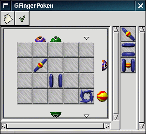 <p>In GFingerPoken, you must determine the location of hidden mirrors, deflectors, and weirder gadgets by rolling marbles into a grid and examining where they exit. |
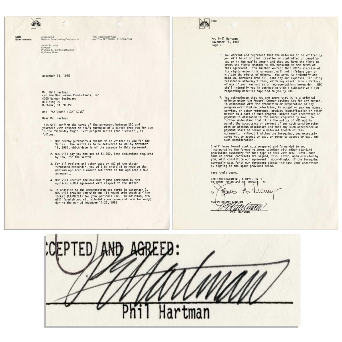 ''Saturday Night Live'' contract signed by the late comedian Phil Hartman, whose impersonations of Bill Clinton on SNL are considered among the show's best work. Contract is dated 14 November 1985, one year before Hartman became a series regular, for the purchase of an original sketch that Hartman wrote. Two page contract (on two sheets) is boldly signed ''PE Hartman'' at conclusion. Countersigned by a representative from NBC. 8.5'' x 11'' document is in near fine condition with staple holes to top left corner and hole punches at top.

--

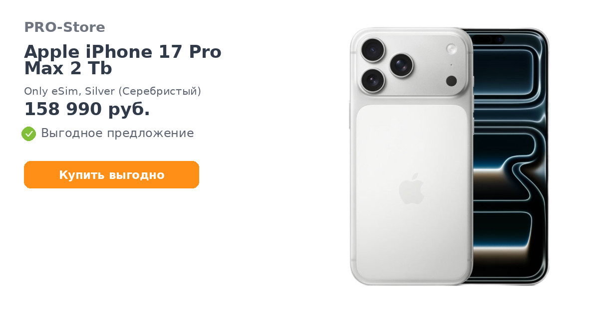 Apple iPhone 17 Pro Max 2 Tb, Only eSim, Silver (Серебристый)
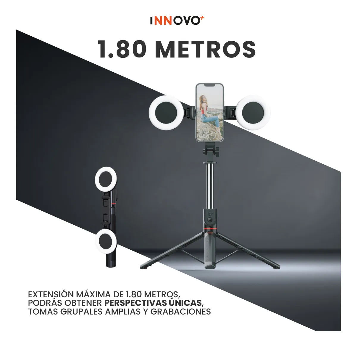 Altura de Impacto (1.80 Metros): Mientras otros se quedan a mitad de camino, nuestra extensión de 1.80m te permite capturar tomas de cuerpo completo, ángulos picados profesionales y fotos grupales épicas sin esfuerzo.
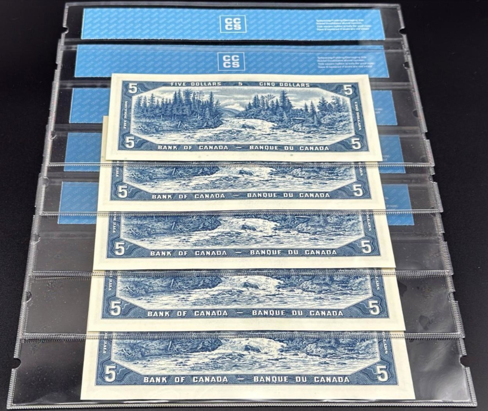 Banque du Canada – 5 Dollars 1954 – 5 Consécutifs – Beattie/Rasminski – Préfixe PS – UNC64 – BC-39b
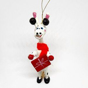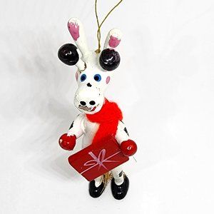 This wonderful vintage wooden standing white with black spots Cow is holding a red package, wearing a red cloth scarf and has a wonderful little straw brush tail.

• _EXERCISE GOAL_: Using the entries above, write out exactly the lines from the one with "Altura de Impacto" through the one with "This wonderful vintage", ends included. Leave out any pictures.

• _RESPONSE TO THIS EXERCISE_:
 Altura de Impacto (1.80 Metros): Mientras otros se quedan a mitad de camino, nuestra extensión de 1.80m te permite capturar tomas de cuerpo completo, ángulos picados profesionales y fotos grupales épicas sin esfuerzo.
 Banque du Canada – 5 Dollars 1954 – 5 Consécutifs – Beattie/Rasminski – Préfixe PS – UNC64 – BC-39b
 This wonderful vintage wooden standing white with black spots Cow is holding a red package, wearing a red cloth scarf and has a wonderful little straw brush tail.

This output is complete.